Background—To define the role of metalloproteinases (MMPs) in the development of lipid-rich atherosclerotic lesions in relation to the balance between proteolytic and antiproteolytic activities, we investigated the impact of adenovirus-mediated elevation in the circulating levels of human tissue inhibitor of MMP (TIMP-1) in atherosclerosis-susceptible apolipoprotein E–deficient (apoE^−/−) mice.

Methods and Results—Infusion of apoE^−/− mice fed a lipid-rich diet with rAd.RSV.TIMP-1 (1×10¹¹ viral particles) resulted in high hepatic expression of TIMP-1. At 2 weeks after injection, plasma TIMP-1 levels ranged from 7 to 24 μg/mL (mean 14.8±6.8). Marked overexpression of TIMP-1 was transient, with levels of TIMP-1 decreasing to 2.5 to 8 μg/mL (mean 4.3±2.1) at 4 weeks. Plasma lipid and lipoprotein levels in mice treated with rAd.RSV.TIMP-1 were similar to those treated with rAd.RSV.βGal. However, rAd.RSV.TIMP-1–infused mice displayed a marked reduction (≈32%; P<0.05) in mean lesion area per section (512±121 μm²×10³; n=12 sections from 4 animals) as compared with rAd.RSV.βGal-infused mice (750±182 μm²×10³; n=12 sections from 4 animals). Similarly, marked reduction in macrophage deposition as well as MMP-2, MMP-3, and MMP-13 antigens was observed.

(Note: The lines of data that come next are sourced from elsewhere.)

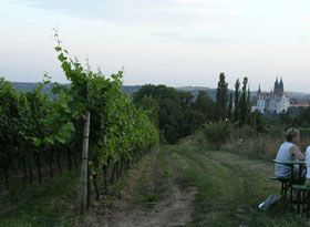 ![]() 19世紀マイセン陶器が作られていた アルブレヒト城が遠くに見える、 プリンスのワイン畑。 |
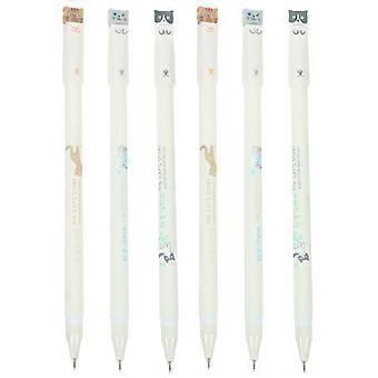 Cat Themed Pens Kawaii for Home Use Writing Black Ink 6Pcs
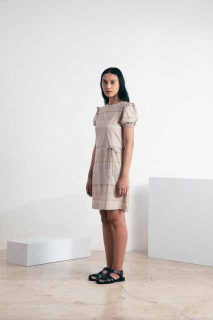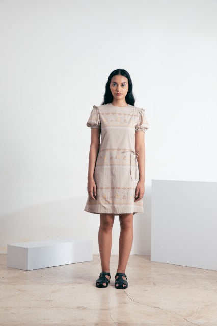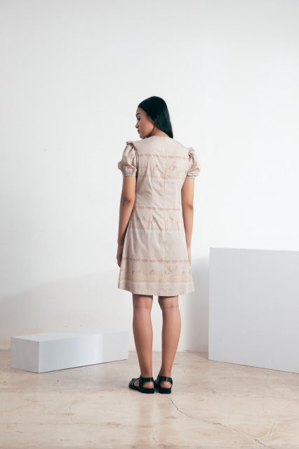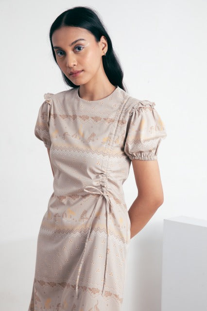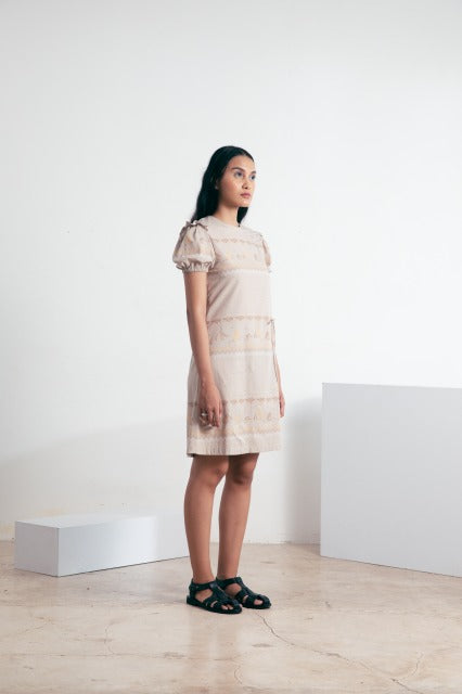 短めのパフスリーブが愛らしさをプラス。袖口にギャザーが施され、ふんわりとした立体感がポイントです。
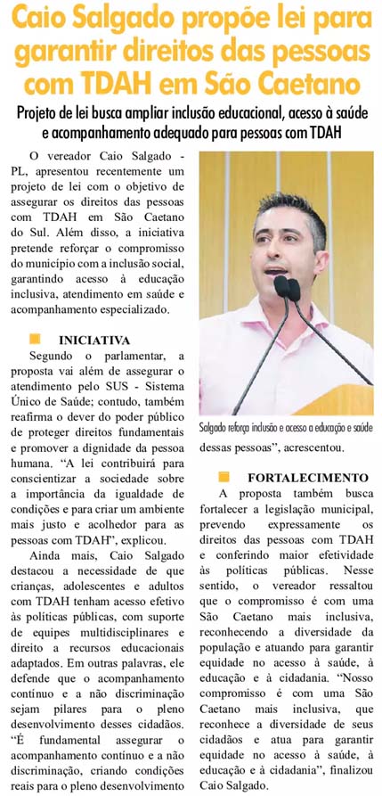 Caio Salgado propõe lei para garantir direitos das pessoas com TDAH em São Caetano

Conclusions—Histological and immunohistologic analyses of atherosclerotic lesions revealed increases in collagen, elastin, and smooth muscle α-actin content in mice treated with rAd.RSV.TIMP-1. These qualitative and quantitative features were the consequence of TIMP-1 infiltration from plasma to arterial intima, as immunohistochemical analyses revealed an abundance of TIMP-1 specifically in lesions of rAd.RSV.TIMP-1–treated mice.